There’s a powerful symbolism at work here and this is why using Zone Zero as an opening trick was a master stroke: it was a visual representation of what was happening to us as the audience at the magic show. We were going through that hole – we where being transported to another world – we were losing ourselves, our brain, our physical bodies – that hole was a doorway to the world of magic and Carney was inviting us to go through it.
Now if he’d said, “This is a magical doorway! Won’t you come with me through it?” that would have sucked. (If however, there were visual echoes of the zone zero board on the set, now that might have worked – it might have made the symbolic dimension a little more obvious while not crossing that line into banging the Zone Zero board over our heads – always a difficult balancing act for an artist.)
I doubt anyone in the audience that night thought “Hey, I feel like I’m going through that hole…” I don’t even want to guess if Carney thought of this consciously himself, and it doesn’t matter to me. I’m a former English major and was raised a Catholic so I’m pretty comfortable mucking around with symbols. But maybe Carney comes from a different background, one where Symbols are to be avoided, one where Symbols are in fact symbols of bad things, like eggheads, English Majors and Catholics – I don’t know the man: how should I know how he thinks? But the fact is, at some point he made the decision to make Zone Zero the first trick in his show and whether it was by an intellectual process or something he felt in his gut, it was a brilliant choice.
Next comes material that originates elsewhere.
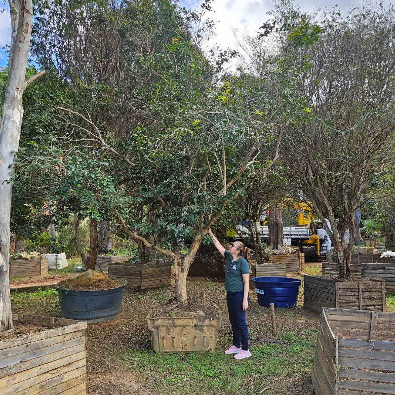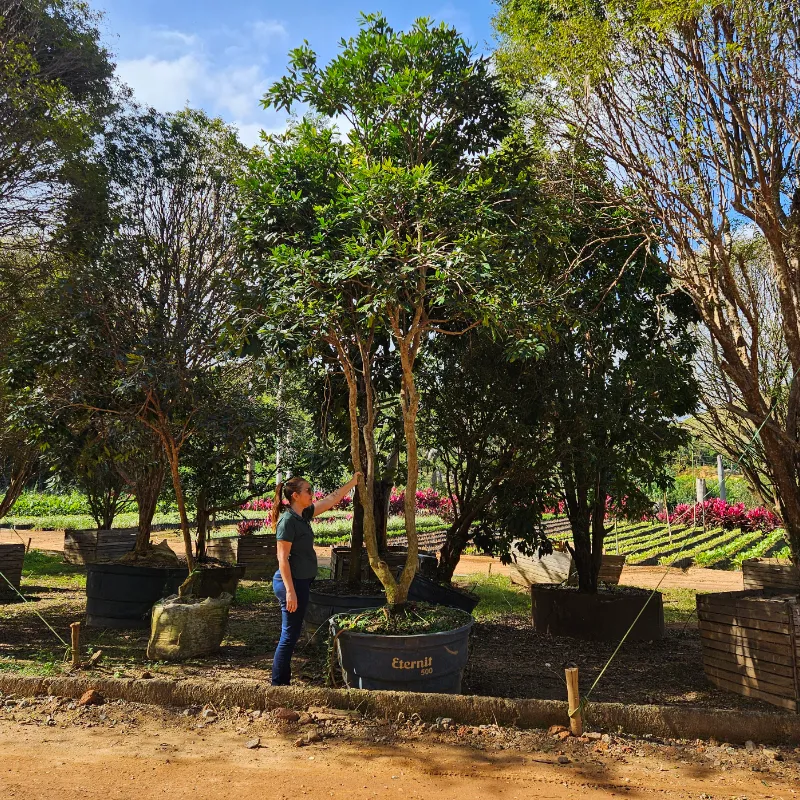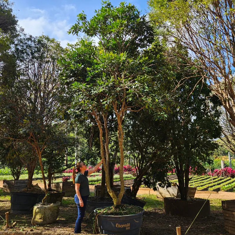A Cambucá é uma árvore nativa da Mata Atlântica, de crescimento médio, que pode atingir entre 8 a 15 metros de altura. Possui copa densa e arredondada, folhas verde-escuras e brilhantes, e flores pequenas esbranquiçadas que brotam diretamente no tronco, numa característica chamada caulifloria. Seus frutos são grandes, amarelo-alaranjados, com polpa doce e suculenta, semelhante ao sabor do abricó. Ideal para reflorestamento, pomares agroflorestais e paisagismo tropical. Prefere solos férteis e bem drenados, com alta umidade e clima quente e úmido. Esta é uma planta adulta, pronta para replantio em áreas urbanas ou rurais.

But I missed it. I missed feeling the perfection of that moment because I was sitting in The Seat of Bad Angles. I wasn’t fooled. I wasn’t amazed. I wasn’t teased or filled with wonder. I certainly wasn’t transported anywhere. Instead I got a nice view of Carney’s hands doing sneaky stuff behind the board.
I felt like someone had just given away the twist in an M. Night Shyamalan movie. I felt like a kid who just learned that it was my Dad who ate the cookies by the chimney on Christmas Eve. What a rip off! What a con job! Is this what it’s like to be a grown up, because if it is, I don’t want it! I want to be Peter Pan! I want to fly!
So I stood up and shouted, “Hey, John Carney – I can see your hands doing sneaky stuff behind that board! What the fuck?!! You’re not magic, John Carney! You’re a jerk! That hole in the board isn’t a doorway inviting us to another world – it’s our throats and that ball is the lies you’re shoving down them! Well, fuck that, John Carney!!” Then I stormed out as the rest of the audience burst into applause.
Ok, so that didn’t happen. But dammit if I wasn’t disappointed.
Then I looked over and saw my kids sitting beside me, staring up at the stage with their jaws dropped in amazement – from that moment on, Carney had them. Okay, I missed the moment myself, but they got it – and the quickest way to redeem yourself in a parent’s eyes is to give something to their kids.
And the second quickest way to redeem yourself is to put on
an awesome show, which he did, re-establishing himself in my mind as one of
the finest magicians of all time. (By the way, the girls ending up adoring
the show – way more than the one by Mr. Vegas-Helicopter-Lion-Butt Guy
– and I don’t think it had a thing to do with my prep.)
So that’s it – feel free to relate this experience to the implications implicit in Teller’s quotes. Please include analysis, definitions and musings on the state of magic today.